Fed Proposal Expands GSIB, Regional Bank Regulatory Gap


Tuesday, November 06, 2018 / 11:42 AM / Fitch Ratings                                


Recently proposed changes to how regulatory capital and liquidity is managed and reported at US large regional banks continues the bifurcation of regulatory relief between Global Systemically Important Banks (GSIBs) and smaller peers, says Fitch Ratings. 

Generally, the proposed relaxation of regulatory and capital standards is a negative for creditors at US large regional banks, especially the potential loss of the comparability of annual public stress tests. Still, we do not anticipate ratings changes directly as a result of the proposed changes, with the ultimate ratings impact dependent on how banks respond to, and operate under, more relaxed regulatory requirements. 

We expect banks to most likely proceed with caution in decommissioning stress testing and related elements, such as resolution planning, especially given the potential for changes in the political and regulatory environment in the future. We expect highly-rated banks to continue to exercise disciplined capital and liquidity risk management. 

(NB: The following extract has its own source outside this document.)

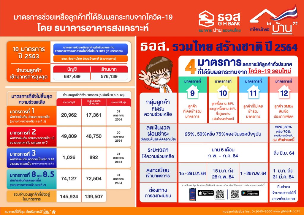 มาตรการที่ 9 สำหรับลูกค้าที่เคยเข้าร่วมหรืออยู่ระหว่างใช้มาตรการช่วยเหลือฯ ของ ธอส.ลูกค้าที่มีสิทธิ์แจ้งความประสงค์ขอใช้มาตรการจะต้องมีคุณสมบัติ คือ มีสถานะบัญชีปกติ ไม่อยู่ระหว่างการประนอมหนี้ ลดเงินงวดผ่อนชำระ(ตัดเงินต้นและตัดดอกเบี้ย) เหลือ 25% หรือ 50% หรือ 75% ของเงินงวดผ่อนชำระในปัจจุบันเป็นระยะเวลา 6 เดือน(กุมภาพันธ์-กรกฎาคม 2564) ลงทะเบียนแจ้งความประสงค์ เข้าร่วมมาตรการระยะแรกผ่าน Application : GHB ALL ได้ตั้งแต่วันที่ 15 – 29 มกราคม 2564

The proposal responds to the recently enacted Economic Growth, Regulatory Relief, and Consumer Protection Act, which altered asset size thresholds under which US regulators, including the Federal Reserve, Office of the Comptroller of the Currency and Federal Deposit Insurance Corporation, imposed enhanced prudential standards. The proposal would tailor regulatory standards and divide banks with more than $100 billion in assets, or $75 billion in foreign activity, into one of four categories. Key considerations include not only asset size but also include the amount of wholesale short-term funding, non-bank assets, off-balance-sheet exposure and the level of international activities.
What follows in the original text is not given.